In the entries below, find the line with "Автоматический водопроводный кран" and the line with "BPW315/16W系列噴霧", then retype both and everything between them exactly. Do not copy the pictures.

- _Given data_
----

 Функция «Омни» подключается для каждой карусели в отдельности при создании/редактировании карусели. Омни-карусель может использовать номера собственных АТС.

----

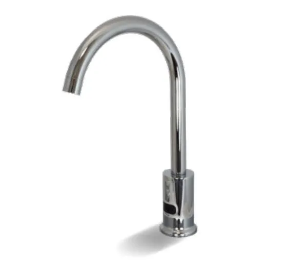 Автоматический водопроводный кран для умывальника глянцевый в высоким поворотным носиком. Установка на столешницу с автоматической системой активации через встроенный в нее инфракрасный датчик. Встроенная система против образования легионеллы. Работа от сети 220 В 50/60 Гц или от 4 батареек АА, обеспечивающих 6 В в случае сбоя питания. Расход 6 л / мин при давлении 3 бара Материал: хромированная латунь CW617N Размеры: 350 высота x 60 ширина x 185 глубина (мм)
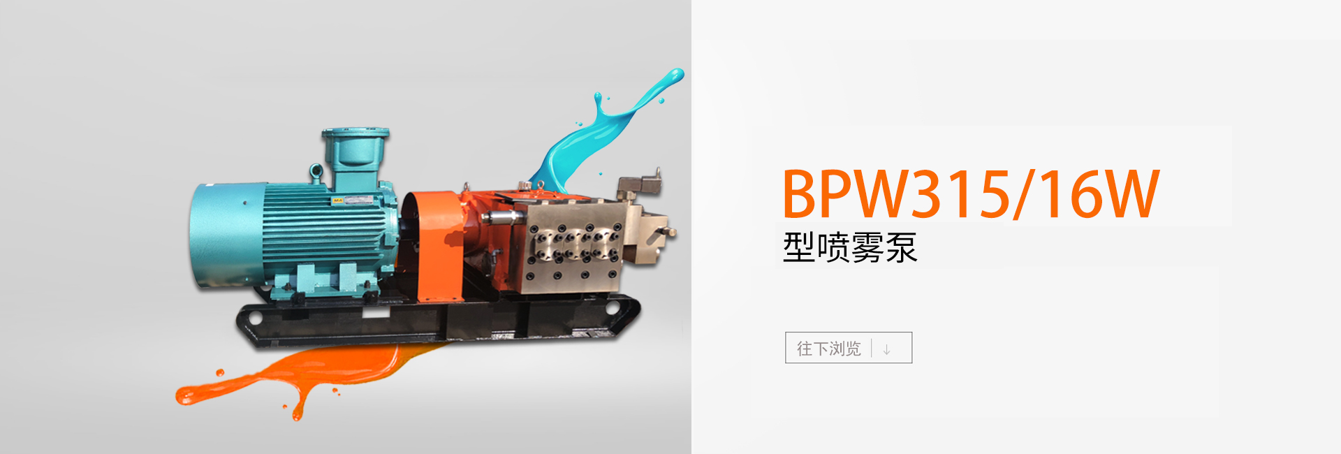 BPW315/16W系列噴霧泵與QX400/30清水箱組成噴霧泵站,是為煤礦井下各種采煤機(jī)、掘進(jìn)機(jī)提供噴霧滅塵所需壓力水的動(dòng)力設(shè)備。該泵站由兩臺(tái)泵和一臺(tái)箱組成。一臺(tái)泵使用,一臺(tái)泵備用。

----

- _Response box_
 Автоматический водопроводный кран для умывальника глянцевый в высоким поворотным носиком. Установка на столешницу с автоматической системой активации через встроенный в нее инфракрасный датчик. Встроенная система против образования легионеллы. Работа от сети 220 В 50/60 Гц или от 4 батареек АА, обеспечивающих 6 В в случае сбоя питания. Расход 6 л / мин при давлении 3 бара Материал: хромированная латунь CW617N Размеры: 350 высота x 60 ширина x 185 глубина (мм)
 BPW315/16W系列噴霧泵與QX400/30清水箱組成噴霧泵站,是為煤礦井下各種采煤機(jī)、掘進(jìn)機(jī)提供噴霧滅塵所需壓力水的動(dòng)力設(shè)備。該泵站由兩臺(tái)泵和一臺(tái)箱組成。一臺(tái)泵使用,一臺(tái)泵備用。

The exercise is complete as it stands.